Analysis of DNA repair gene polymorphisms in glioblastoma

Abstract

Background: Glioblastoma is the most common and aggressive primary brain tumor in adults. Despite several factors such as ionizing radiation exposure or rare genetic syndromes have been associated with the development of glioblastoma, no underlying cause has been identified for the majority of cases. We thus aimed to investigate the role of DNA repair polymorphisms in modulating glioblastoma risk.

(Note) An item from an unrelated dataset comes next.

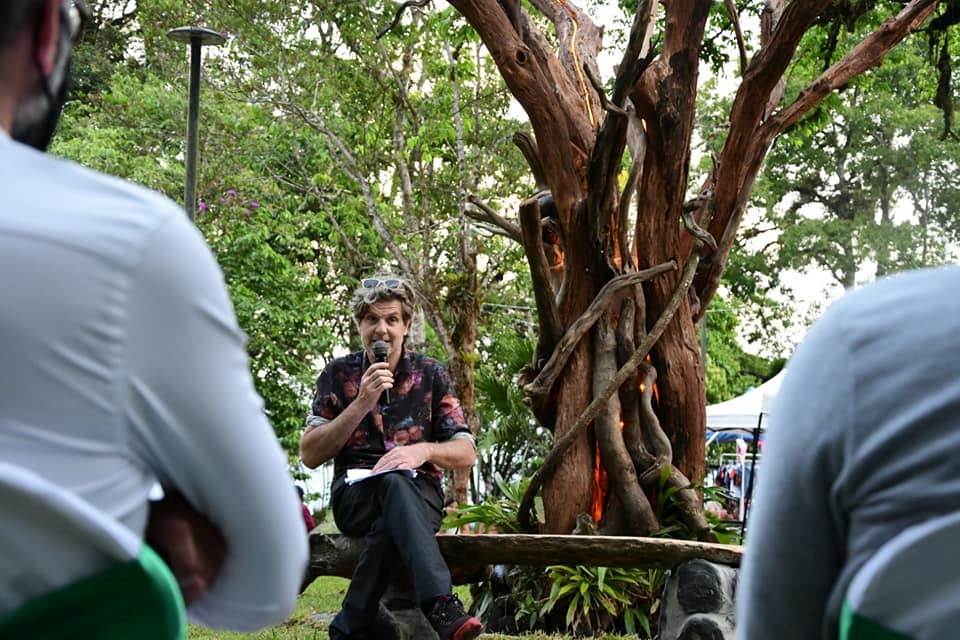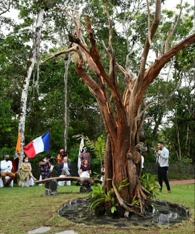 Lors de la première résidence en 2021, l’artiste plasticien retenu Eric Tassel a réalisé l’œuvre « Arbre Totem de Macas » avec la collaboration des habitants et artisans de Macas au cours des deux mois de résidence, en hommage au roi de la forêt amazonienne : l’arbre. L’œuvre sculpturale est principalement élaborée à partir de branches d’arbres qui ont été arrachées, par la force du Volcan Sangay ou par la main de l’homme, et récoltées par l’artiste le long du fleuve Upano et de la cordillère de Cutucu. Ces fragments de bois centenaires retrouvent une deuxième vie en formant l’Arbre Totem, qui rappelle aux hommes la nécessité de protéger leur environnement.

Methods: Genotypic and allelic frequencies of seven common polymorphisms in DNA repair genes involved in nucleotide excision repair (ERCC1 rs11615, ERCC2 rs13181, ERCC6 rs4253079), base excision repair (APEX1 rs1130409, XRCC1 rs25487), double-strand break repair (XRCC3 rs861539) and mismatch repair (MLH1 rs1800734) pathways were analyzed in 115 glioblastoma patients and 200 healthy controls. Haplotype analysis was also performed for ERCC1 rs11615 and ERCC2 rs13181 polymorphisms, located on the same chromosomal region (19q13.32).

Results: Our results indicated that carriers of the ERCC2 Gln/Gln genotype were associated with a lower glioblastoma risk (OR=0.32, 95% CI 0.12-0.89; P=0.028), whereas carriers of the MLH1 AA genotype were associated with an increased risk of glioblastoma (OR=3.14, 95% CI 1.09-9.06; P=0.034). Furthermore, the haplotype containing the C allele of ERCC2 rs13181 polymorphism and the T allele of ERCC1 rs11615 polymorphism was significantly associated with a protective effect of developing glioblastoma (OR=0.34, 95% CI 0.16-0.71; P=0.004).

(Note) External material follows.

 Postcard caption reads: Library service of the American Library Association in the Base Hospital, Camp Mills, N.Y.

Conclusions: These results pointed out that MLH1 rs1800734 and ERCC2 rs13181 polymorphisms might constitute glioblastoma susceptibility factors, and also suggested that the chromosomal region 19q could be important in glioblastoma pathogenesis.

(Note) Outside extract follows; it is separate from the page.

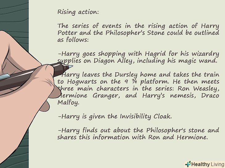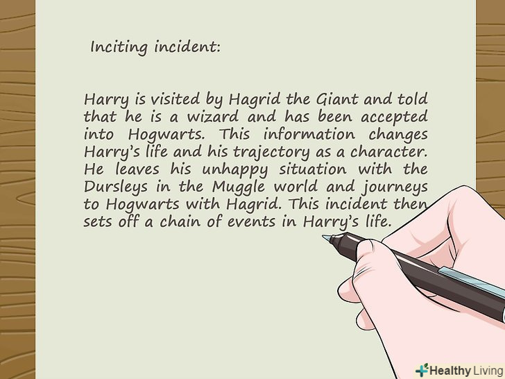 Визначте зав'язку.Зав'язкою буде подія, яка змінить хід життя головного героя. Воно повинно застати головного героя зненацька і бути пов'язаним з ризиком. Найчастіше зав'язка починається відразу після знайомства читача з експозицією.[4][5]- Наприклад, в книзі "Гаррі Поттер і філософський камінь" зав'язка настає в той момент, коли Гаррі відвідує велетень Хагрід і повідомляє, що Гаррі — чарівник і що його прийняли в Хогвартс. Ця інформація змінює життя Гаррі і його шлях розвитку як персонажа. Він залишає своє нещасливе життя у Дурслів у світі маглів і відправляється в Хогвартс разом з Хагрідом. Цей епізод запускає ланцюг подій у житті Гаррі.

Keywords: APEX nuclease (multifunctional DNA repair enzyme) 1; APEX1; BER; DSBR; ERCC1; ERCC2; ERCC6; Glioblastoma; MLH1; MMR; NER; PCR; Polymorphism; Repair; X-ray repair complementing defective repair in Chinese hamster cells 1; X-ray repair complementing defective repair in Chinese hamster cells 3; XRCC1; XRCC3; base excision repair; double-strand break repair; excision repair cross-complementing rodent repair deficiency, complementation group 1; excision repair cross-complementing rodent repair deficiency, complementation group 2; excision repair cross-complementing rodent repair deficiency, complementation group 6; mismatch repair; mutL homolog 1; nucleotide excision repair; polymerase chain reaction.